As a member of Wevie Stonder, Henry Sargeant (or Mr Vast) is no stranger to cramming the askew into various musical forms. Grievous Bodily Charm is his first attempt at flying solo, and whilst it isn’t quite as bezerk as Wevie’s output, it is nonetheless quite a peculiar yet occasionally rewarding album.
Never one to stand still for a moment, Sargeant throws as many musical styles into the mix as humanly possible whilst also providing a confident comedic presence. There is a danger when mixing comedy and music that once the jokes become stale the sheen of the song quickly fades. Whilst it is true that some of these efforts suffer from fatigue after a few listens, when Sargeant gets it right the results can be quite extraordinary.
Opening the album is In Terms Of Ease and Speed which finds Mr Vast switching personalities on practically every line. He assumes the voices of, variously, an upper class toff, David Bowie and Danny The Dealer from Withnail & I, and throws in pinch of Ian Dury and a dollop of Phil Daniels for good measure. Musically it’s an off-kilter funk that’s not a million miles away from Madness’ Cardiac Arrest or Morphine in their prime, which of course means it’s immensely infectious.
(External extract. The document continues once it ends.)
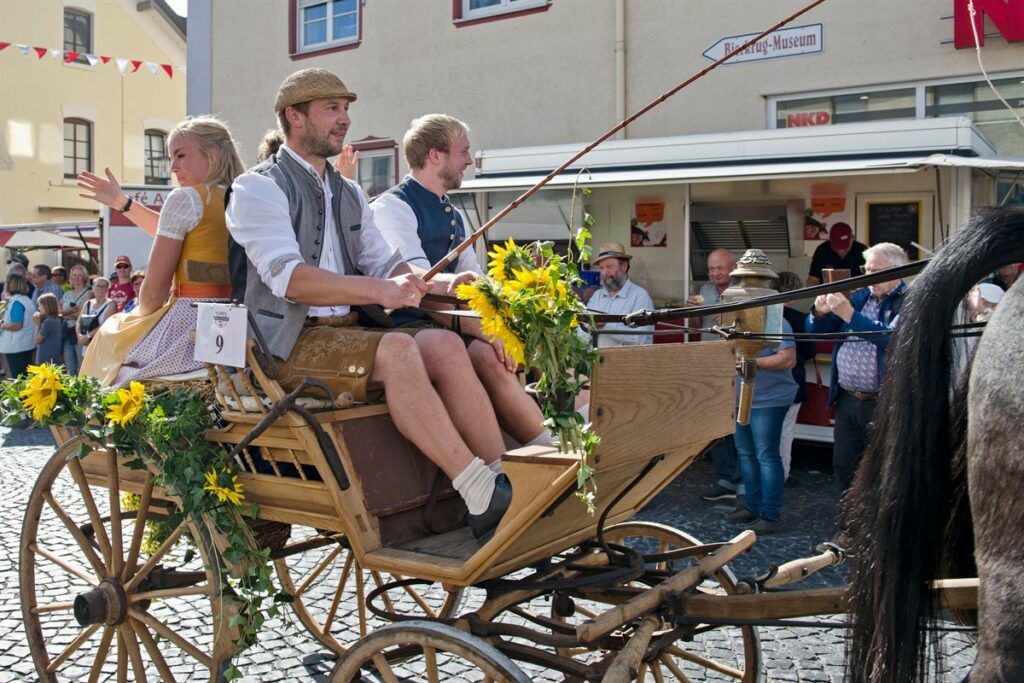 Vor dem Festzug begrüßte der Mitbegründer des Fuhrmannstags Franz Mayerföls die Gäste bei der Ehrentribüne vor dem Bierkrug-Museum. Der katholische Pfarrer Nicki Schaepen und seine evangelische Kollegin Susanne Richter baten um Gottes Segen für die Fuhrleute, ihre Pferde und ihre Tiere sowie alle anwesenden Menschen.

Buttercyde spins off in another direction and marries goth to dubstep whilst cursing bad luck, rhyming Twitter with shitter, and managing to make a chorus about buttering toast on both sides vaguely interesting.
At this point the album loses its momentum somewhat, with the tribal funk and relatively bland vocal of The Rug doing little that’s memorable. Bliss meanwhile starts out well with a curious glitch/classical intro before it segues into a musing on the pleasures of domestic bliss. Switching characters once again from a slightly pervy curtain twitcher to prescriptive house work dictator, it’s more performance poetry than anything else and repeated listens do it no favours at all.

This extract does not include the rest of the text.